Australian and New Zealand
Optical Society    

The John Love Award recognises innovations and technical advances in the field of optics and photonics developed in Australia and/or New Zealand. The award is named for the late distinguished optical physicist Professor John Love, a life member of ANZOS and co-author of the landmark textbook Optical Waveguide Theory. The award seeks to recognise substantial achievement in the translation of optical research and/or innovation towards industrial applications and commercialisation by an individual or small team.

The primary focus of the committee in assessing applications will be on the evidence of achievement other than traditional academic measures of papers and citations, though these may be included for background context. Examples of suitable evidence might include patents or technology licensing, technical reports, prototype development, novel commercial products, or innovative solutions to challenging technical problems in research translation or commercialisation. The latter might include refinement of a complex fabrication or laboratory analysis process. The committee reserves the right to recommend no award where none of the applications presents sufficient evidence of this type.

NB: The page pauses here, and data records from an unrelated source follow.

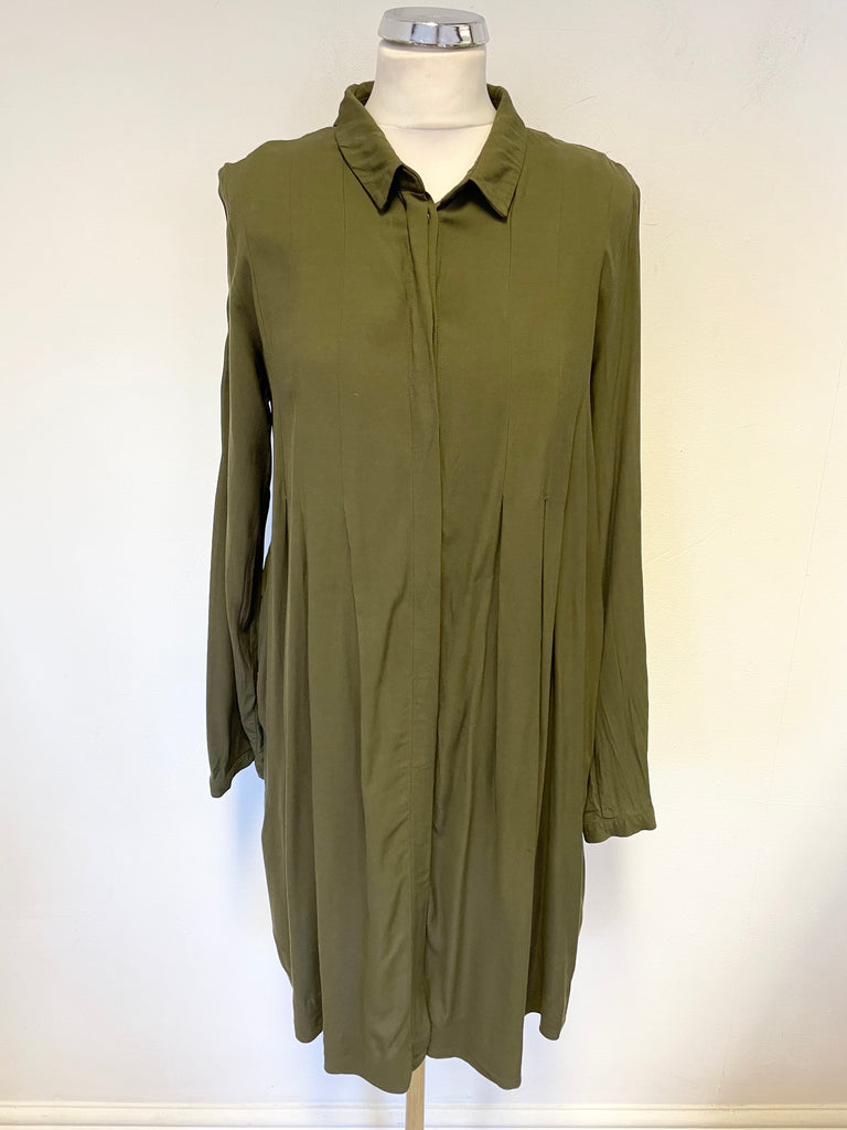 COS OLIVE GREEN COLLARED BUTTON FRONT  LONG SLEEVED SHIRT DRESS
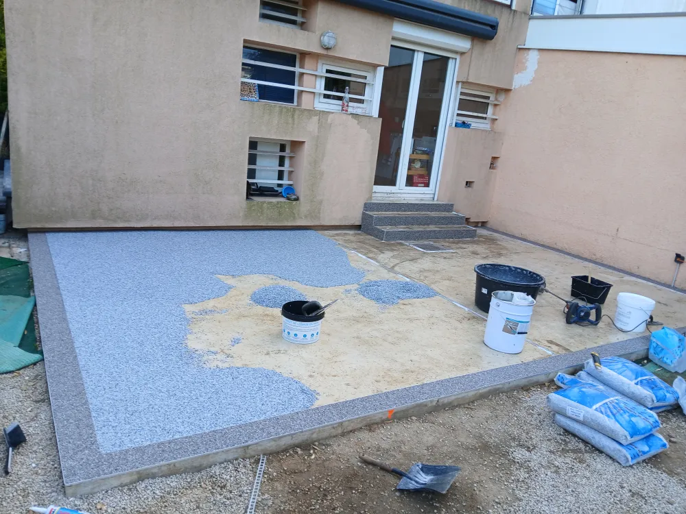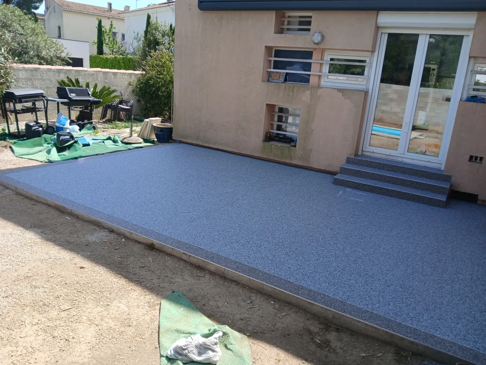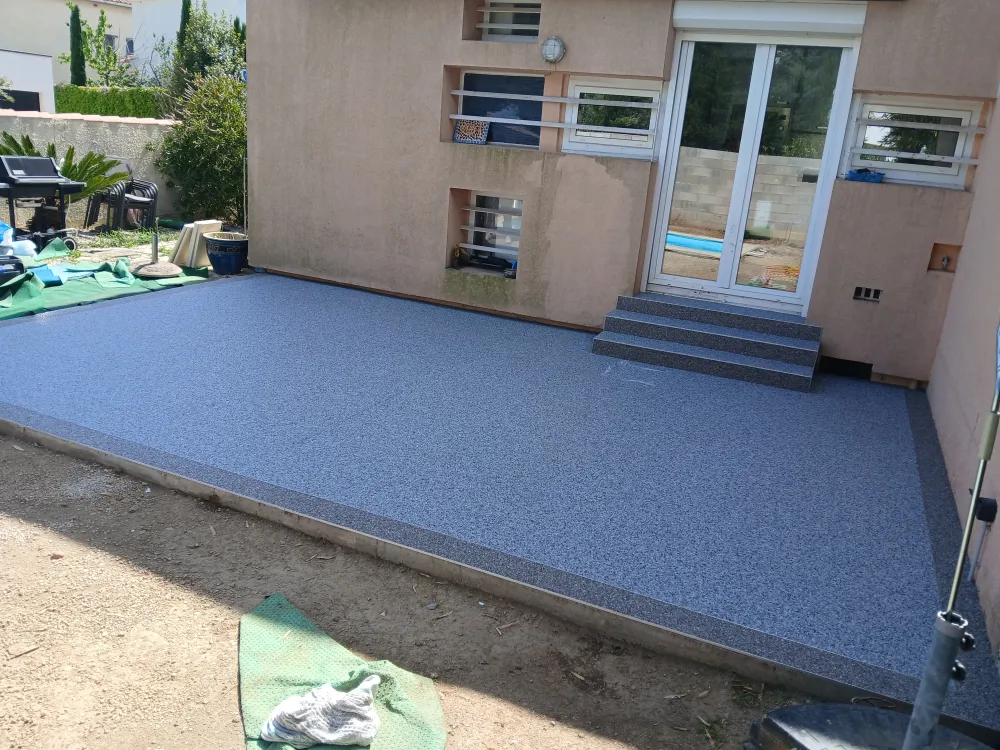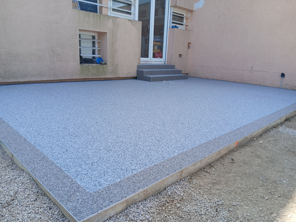 FW.RESINE a réalisé la pose d’un revêtement de sol sans raccords en granulat de marbre sur une terrasse à Montpellier-34
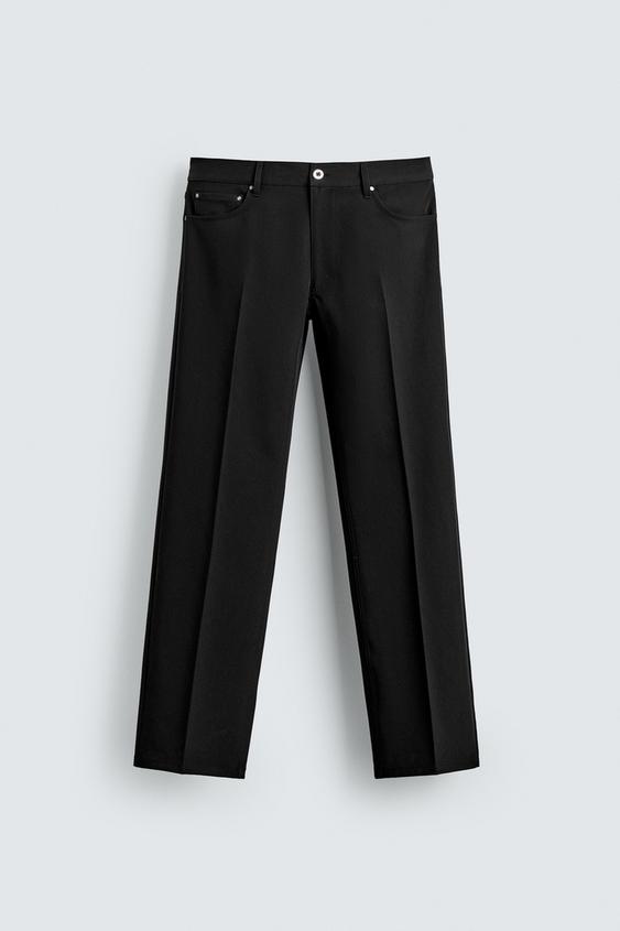 ZARA БРЮКИ FLARE FIT ИЗ РЕЛЬЕФНОЙ ТКАНИ, ЧЕРНЫЙ
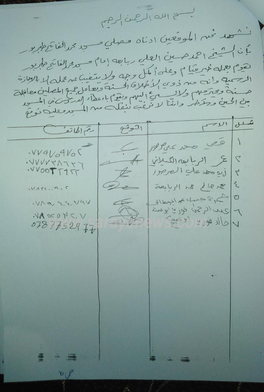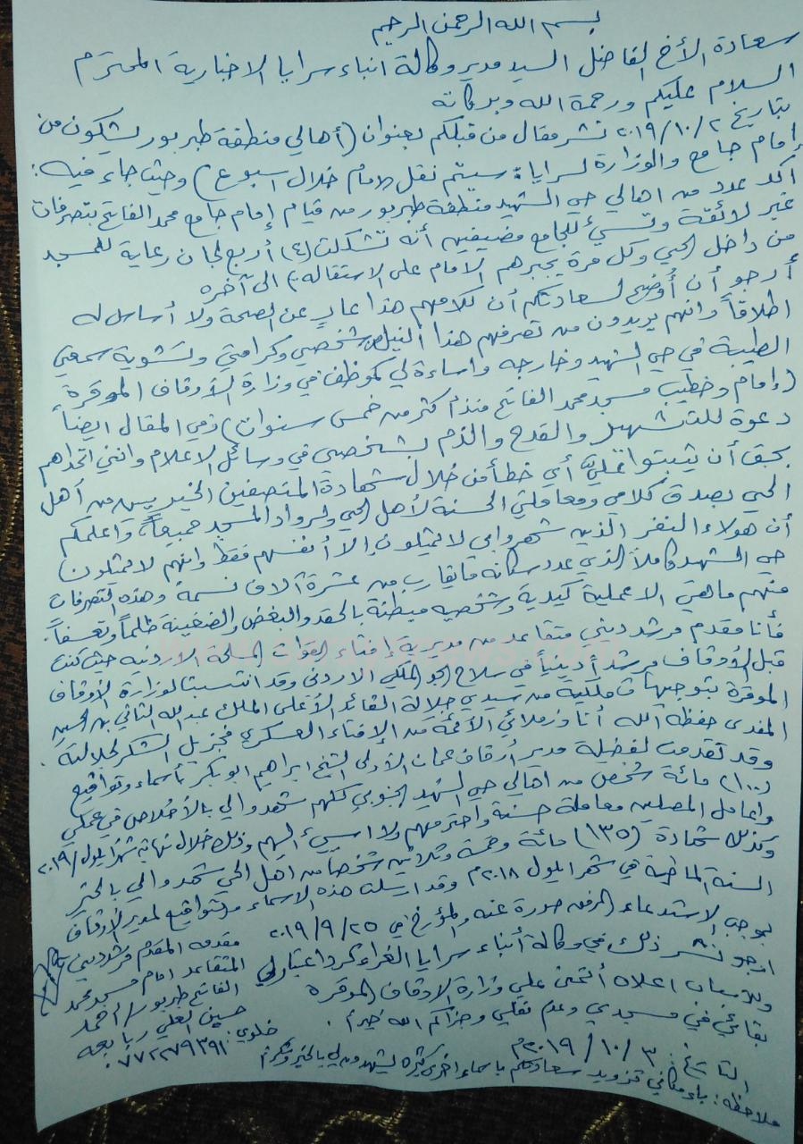 وبين الاهالي ان بعض المواطنين حاولوا فرض بعض الامور على امام المسجد الا إنه رفض تطبيقها بحكم عمله ما ادى الى لجوئهم لشكوى كيدية على مواقع التواصل الاجتماعي .
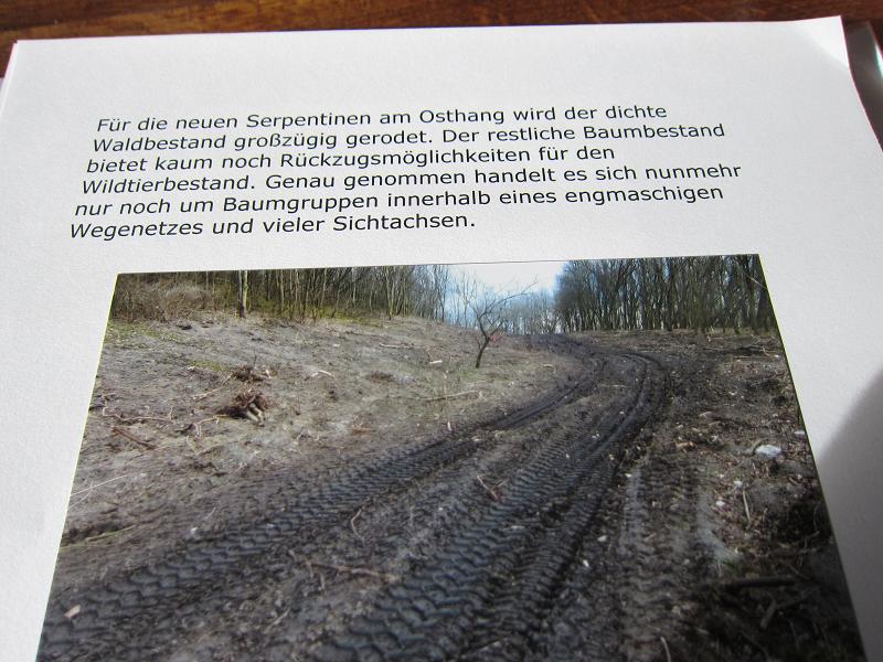 Für die neuen Serpentinen am Osthang wird der dichte Waldbestand großzügig gerodet. Der restliche Baumbestand bietet kaum noch Rückzugsmöglichkeiten für den Wildtierbestand. Genau genommen handelt es sich nunmehr nur noch um Baumgruppen innerhalb eines engmaschigen Wegenetzes und vieler Sichtachsen [sogenannte "Waldbilder"]. |
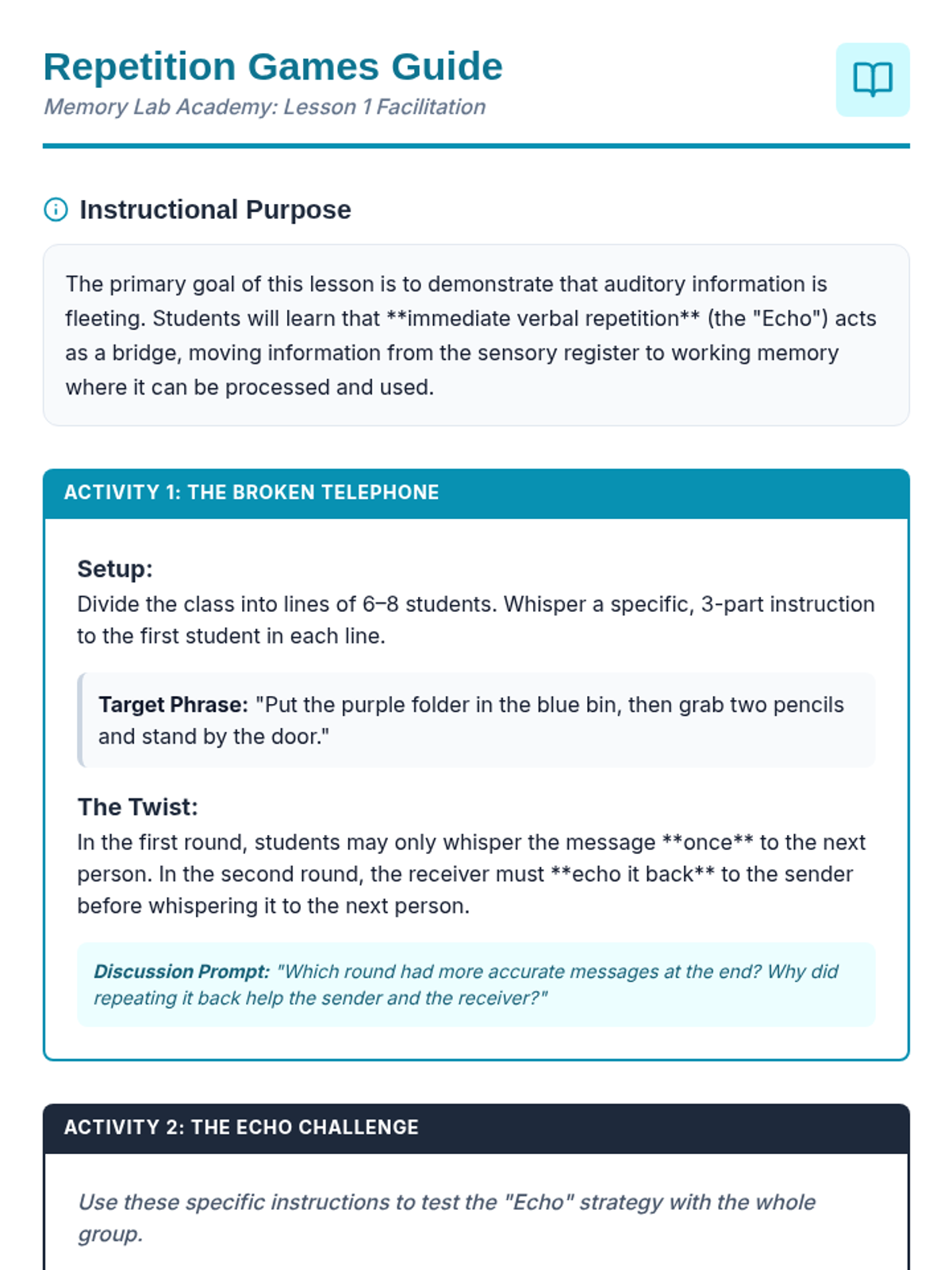 This sequence teaches 3rd-grade students verbal rehearsal strategies to improve auditory working memory. Students progress from vocal repetition to whispered self-talk and finally silent inner speech, using games and mnemonics to hold information active while completing complex tasks.
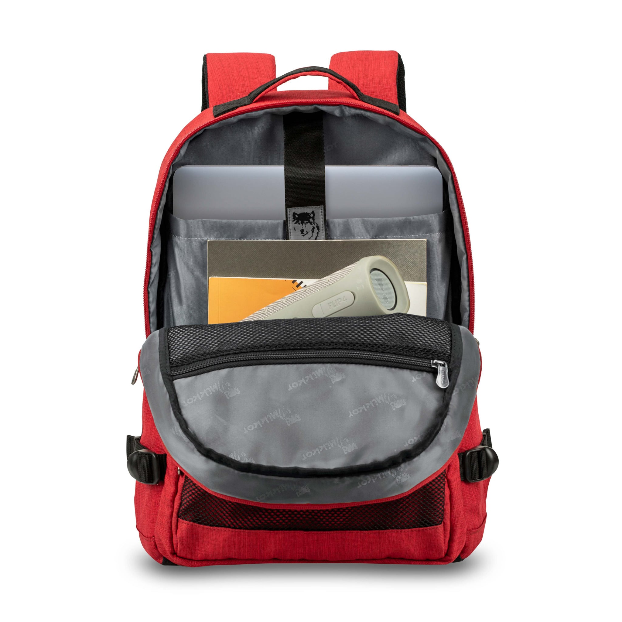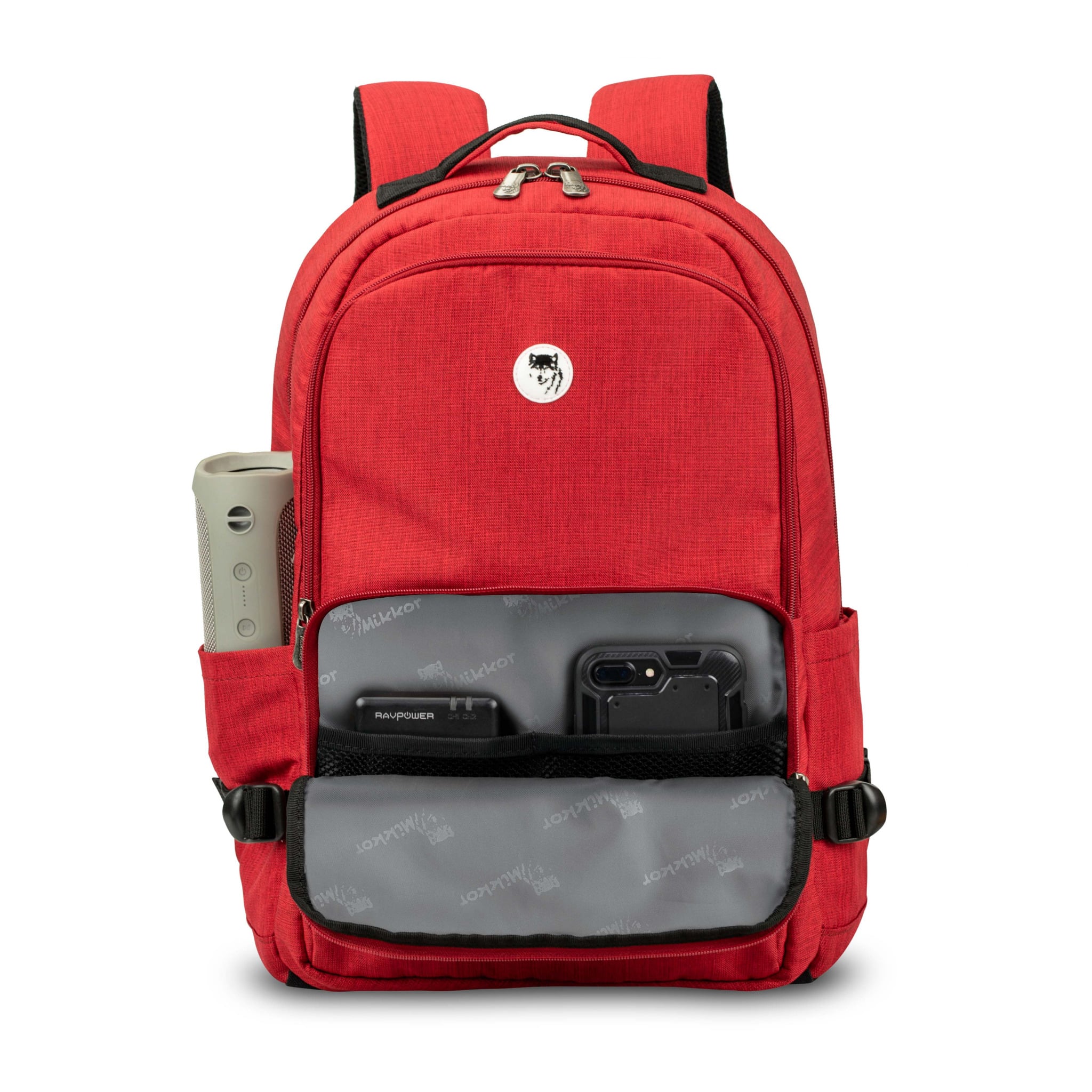 Mặt trước balo đính logo chú sói biểu tượng thương hiệu MIKKOR nổi bật.

Applications from non-academic technical staff and workers in optics and photonics outside universities are strongly encouraged. The work for which the award is made must have been carried out principally in Australia or New Zealand.

Applications are welcomed from individuals or teams of up to six people working on a common project.

The winner will receive a prize consisting of a trophy, one year's free membership of ANZOS, and an invitation to attend the next ANZOS conference and make an oral presentation of their work.

Selection criteria for the award

  1. Excellence in the advancement of a technical capability and/or innovation in optics or photonics
  2. Demonstrated approach to applying the innovation to end-user problems outside academia or research settings

  3. Demonstrated and/or potential end-user impact of the development as expressed by evidence other than traditional scientific publications

The nomination should include

  1. A two page narrative document describing:
    • the application problem set out to be solved
    • the specific technical innovation or development
    • the existing or planned approach for translating the innovation into settings beyond academia, including evidence of actual or potential end user impact
    • a description of the strategy for further innovation in this area over the next 3-5 years
  2. Optional addendum of up to 2 pages of non-narrative supporting material (eg product images, press clippings, technical report excerpts, examples of use, evidence of end-user engagement, information on spin-off companies, etc)
  3. Applicant summary:
    • For individuals: A one-page resume or curriculum vitae
    • For teams: A one-page description of the team composition, affiliations, and expertise of each member

The prize was known as the Technical Optics Award from 1995 to 2016. In 2017 it was renamed the John Love Award.

Applications from female candidates and members of other historically under-represented groups in STEM are highly encouraged.

Applications should be sent to the ANZOS Secretary. The Award is judged by a committee appointed by the ANZOS Council. For the 2021 award, all nomination materials must reach the ANZOS secretary by 28 May 2021.

     Previous winners of the Prize:

  • 2021: Redback Systems
  • 2020: Prof. Warwick Bowen - University of Queensland
  • 2019: Dr Sergio Leon-Saval - University of Sydney
  • 2018: Prof. Robert Scholten - University of Melbourne and MOGLabs
  • 2016: Dr Nicolas Riesen - Modular Photonics, Macquarie University & University of Adelaide
  • 2010: Dr Katie Green - CSIRO
  • 2004: Dr Yabai He - Macquarie University
  • 2000: Alex Boiko
  • 1997: Chris Freund - CSIRO Telecommunications and Industrial Physics.